Why Logs and Metrics Aren't Enough
Logs answer "what happened." Metrics answer "how often and how much." Neither tells you "why is this request slow?"
When a user complains that generating their invoice takes 8 seconds, you have a problem to debug across multiple systems. The web server received the request. An API call went to the billing service. The billing service queried a database. A PDF generation job was queued. A worker picked it up and called an external PDF rendering API. Along the way, the time was spent somewhere.
Logs show you individual events in each system. Metrics show you aggregate latency distributions. Neither connects them into a single view of what one request actually did.

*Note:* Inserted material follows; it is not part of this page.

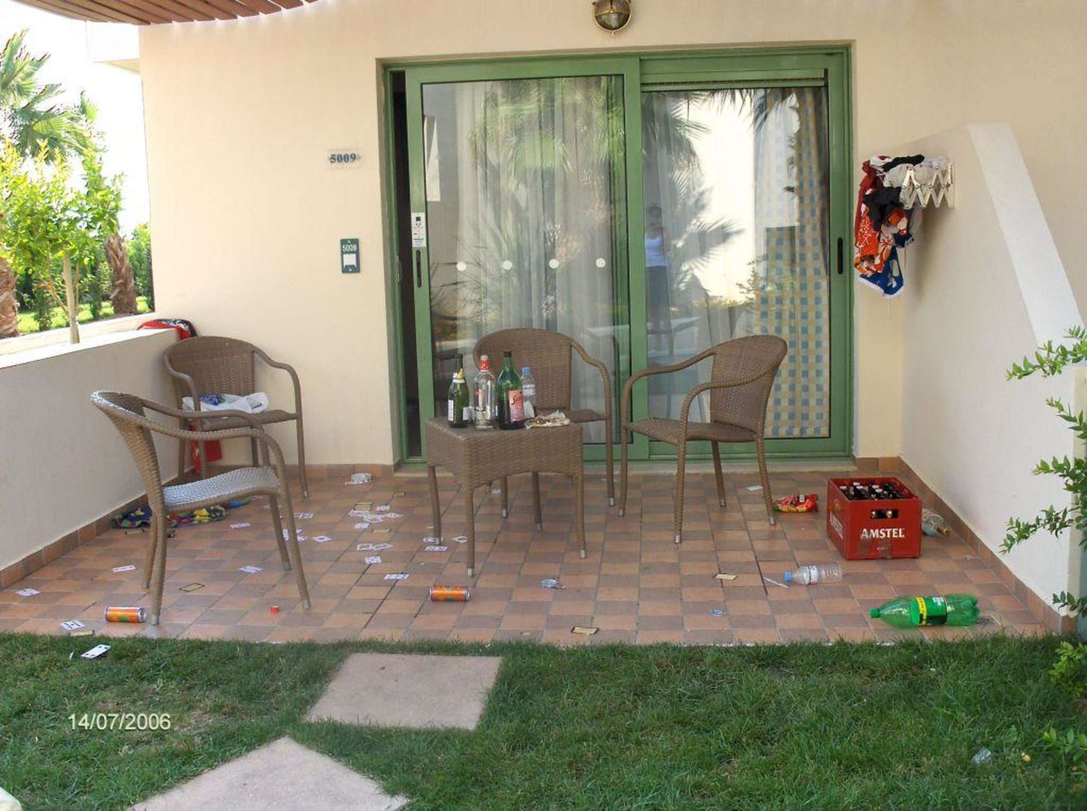 Schmutzige Terrasse von den Party-Nachbarn

Distributed tracing does. It records the full journey of a request as a tree of operations called spans, each with its timing and context. You can see that 6 of those 8 seconds were spent in the PDF rendering API, which is throttling requests from your IP.
Core Concepts
Trace: The complete record of a single request's journey through your system. Identified by a trace ID.
Span: A single operation within a trace. A span has a name, start time, duration, and optional attributes. Spans can be nested: an HTTP request span contains a database query span.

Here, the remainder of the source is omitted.